A Union leader yesterday called for a thorough inquiry into the role of the Health and Safety Executive (HSE) on North Sea oil and gas platforms.

Graham Tran, regional officer for Amicus, claimed the HSE had neither the resources nor the independence it needed to improve and police safety offshore.

He was speaking as representatives from the TGWU, RMT and OILC unions met a top HSE official to raise their general concerns about safety following the conclusion last week of a fatal accident inquiry into the deaths of two men on Shell’s Brent Bravo platform almost three years ago.

Union officials had flagged up fears about offshore safety just weeks before the tragic incident on September 11, 2003.

The HSE carried out a full investigation, but – despite identifying some areas for improvement – concluded there were no “imminent risks to the health and safety ” of workers.

Just a few weeks later, Brent Bravo workers Keith Moncrieff, 45, of Invergowrie, near Dundee, and Sean McCue, 22, of Kennoway, Fife, were killed in a tragic accident while inspecting a repair on a leaking pipe.

In his fatal accident inquiry verdict, Sheriff Colin Harris said the deaths could have been avoided and highlighted defects in the system of working.

The HSE has since been criticised for not taking steps that could have prevented the accident, but the organisation has claimed it received no complaints specific to Brent Bravo.

Mr Tran, who met HSE board member Kevin Myers in London on Tuesday, said a lot of questions were still unanswered.

“This matter is not finished and we are calling for some action,” he added. “The status quo is definitely not an option.”

Amicus was fully prepared to take the matter to the STUC, the TUC, the Health and Safety Commission and, ultimately, the Government, he revealed.

He said he had made it “crystal clear” to Mr Myers, who heads the HSE’s hazardous installations directorate, that Amicus was unhappy at the way concerns raised by itself and the OILC about offshore safety in March 2003 were handled.

“We gave them (the HSE) information in relation to a backlog of maintenance work on Shell’s installations and it failed to act properly on that,” he added.

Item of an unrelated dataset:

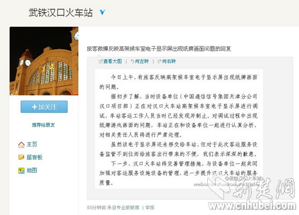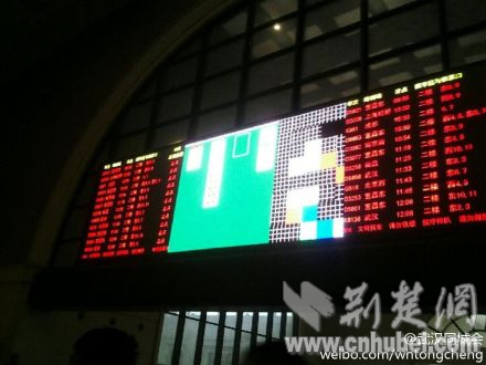 荆楚网消息(记者 张城)1月22日上午,有网友在新浪微博爆料称,汉口火车站高架候车室的电子显示屏出现了“玩纸牌”的画面。下午,汉口火车站官方微博回应,电子屏调试期出现上述问题,将对相关责任人员进行严肃处理。

Mr Tran claimed the HSE did not have enough staff to police North Sea safety standards properly.

The organisation was also failing to assert its independence effectively, he said.

He added: “A stronger, more courageous approach is needed from the HSE, with proper resources in the front line.”

Amicus will decide the best way forward after looking at offshore safety issues during a union meeting in Manchester on August 3, said Mr Tran.

OILC general secretary Jake Molloy used yesterday’s meeting to highlight three main areas of concern he had about offshore health and safety – workforce involvement, the independence of inspections and enforcement.

What happened during the run-up to the Brent Bravo incident and thereafter proved there were serious flaws in the system, he said.

A spokesman for the HSE said the unions were seen as “key stakeholders” in offshore safety, with a vital role to play in helping the UK industry to meet its target of being the safest in the world by 2010.

“The meetings have been constructive and will help the HSE in further developing its intervention strategy offshore,” he added.

Shell has fully accepted Sheriff Harris’s findings and also accepted that much still needs to be done to achieve the safety performance it wants and to meet its goal of zero incidents.